═══ DATA EXTRACT ═══

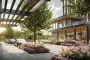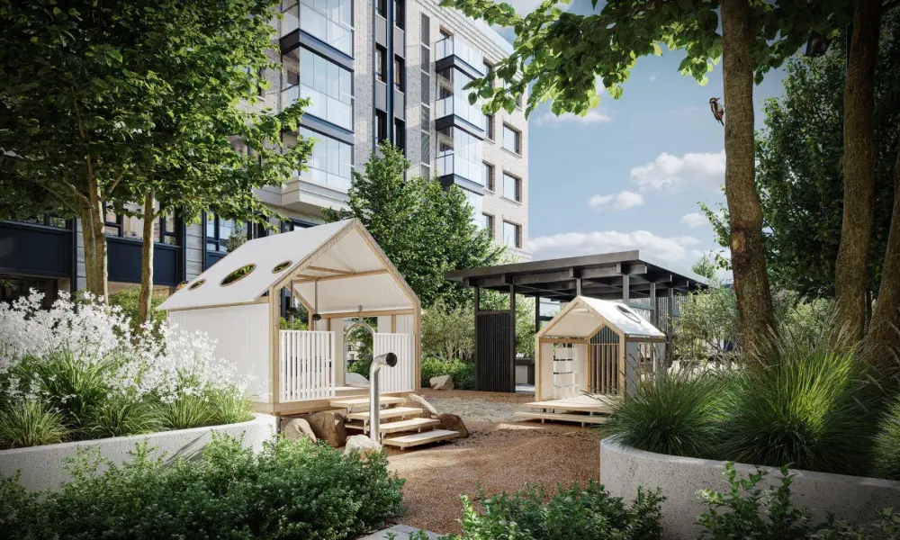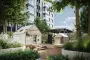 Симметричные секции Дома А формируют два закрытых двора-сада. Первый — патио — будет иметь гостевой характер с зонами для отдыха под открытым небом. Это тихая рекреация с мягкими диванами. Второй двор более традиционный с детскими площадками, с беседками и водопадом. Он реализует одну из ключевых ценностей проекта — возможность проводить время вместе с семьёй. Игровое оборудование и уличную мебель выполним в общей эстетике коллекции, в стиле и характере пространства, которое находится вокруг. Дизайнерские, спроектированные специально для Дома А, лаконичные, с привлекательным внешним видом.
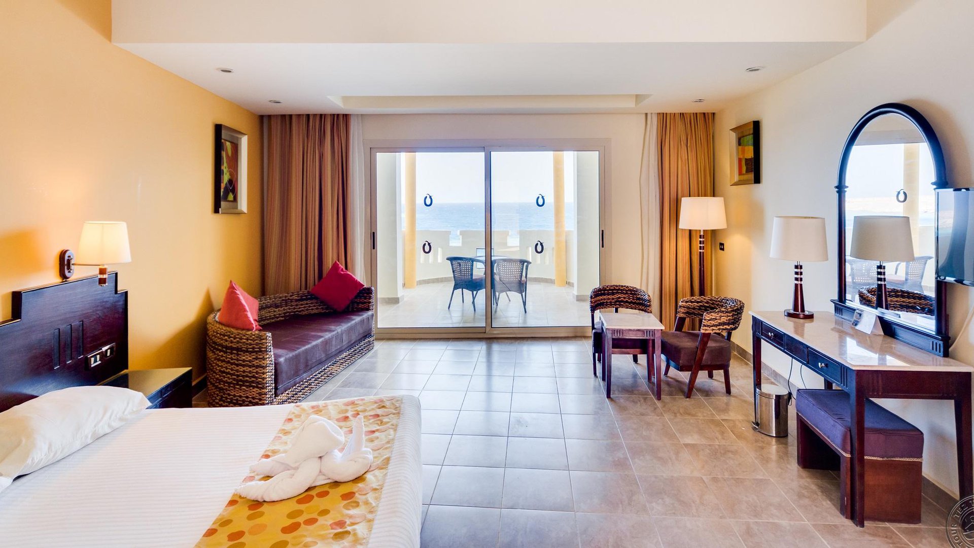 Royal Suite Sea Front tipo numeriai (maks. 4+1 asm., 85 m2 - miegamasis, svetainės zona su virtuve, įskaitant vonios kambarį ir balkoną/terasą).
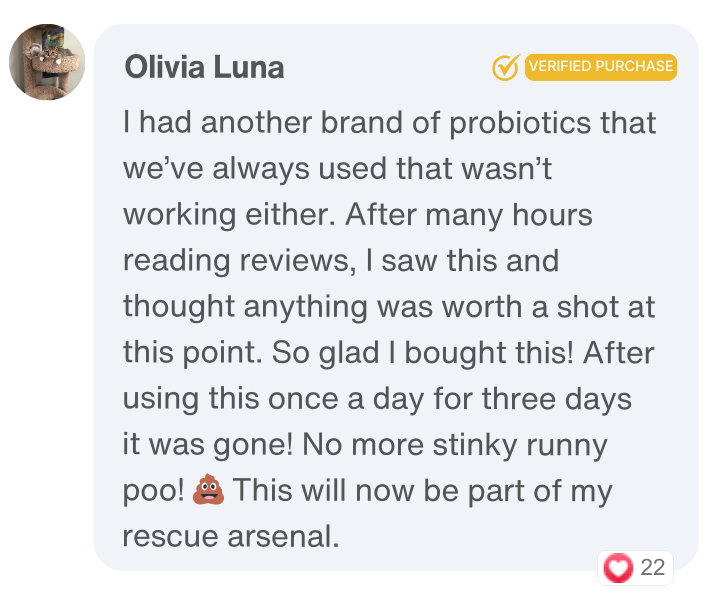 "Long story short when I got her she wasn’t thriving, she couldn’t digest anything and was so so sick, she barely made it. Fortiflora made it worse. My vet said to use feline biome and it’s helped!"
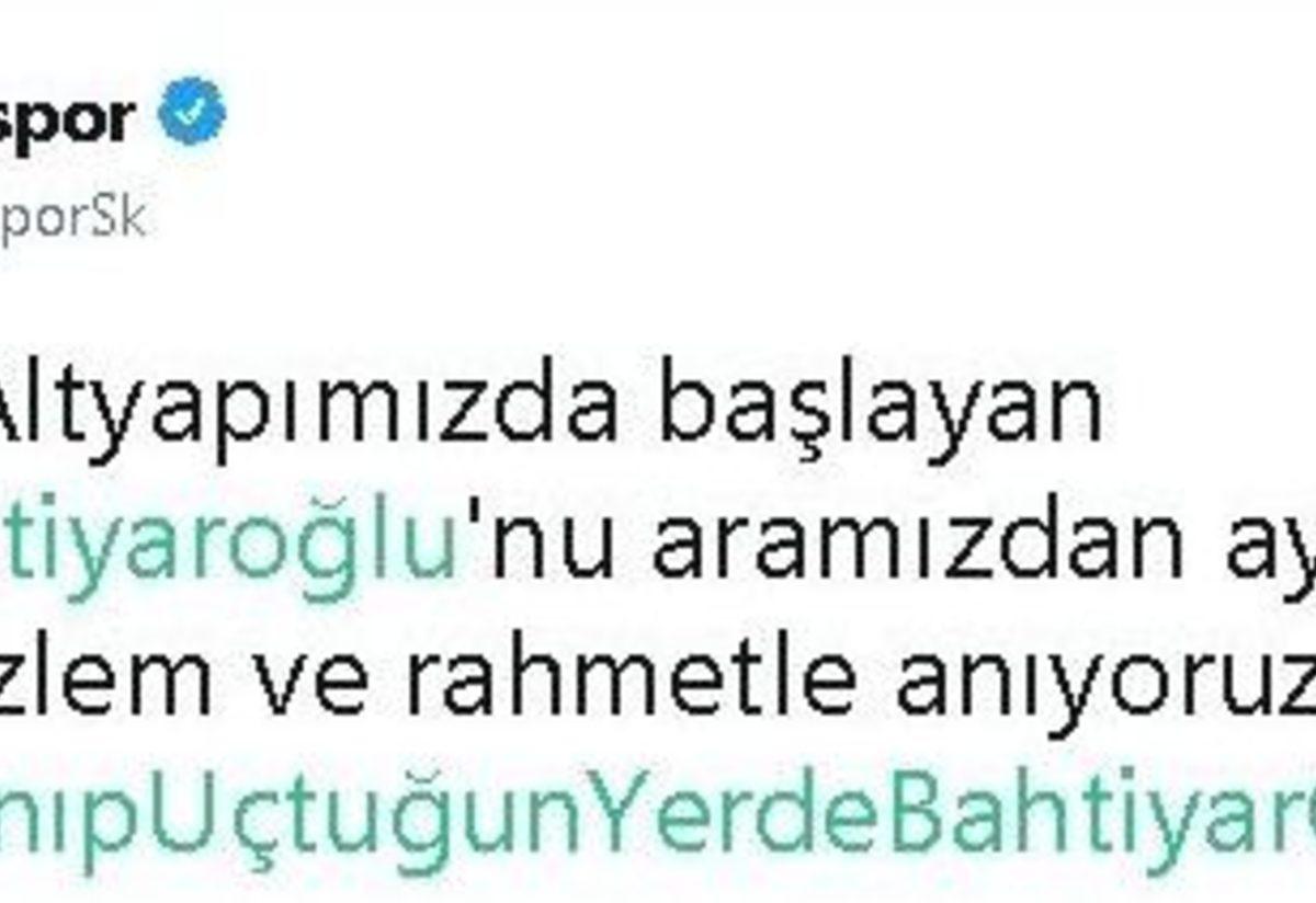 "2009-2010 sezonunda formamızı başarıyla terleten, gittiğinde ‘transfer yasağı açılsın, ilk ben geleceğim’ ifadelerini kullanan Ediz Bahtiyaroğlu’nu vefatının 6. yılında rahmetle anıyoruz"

═══

TASK – Begin at the line containing "story short when" and stop at the last line of the data. Repeat only those lines, exactly, and leave out the pictures.

EXPECTED ANSWER –
 "Long story short when I got her she wasn’t thriving, she couldn’t digest anything and was so so sick, she barely made it. Fortiflora made it worse. My vet said to use feline biome and it’s helped!"
 "2009-2010 sezonunda formamızı başarıyla terleten, gittiğinde ‘transfer yasağı açılsın, ilk ben geleceğim’ ifadelerini kullanan Ediz Bahtiyaroğlu’nu vefatının 6. yılında rahmetle anıyoruz"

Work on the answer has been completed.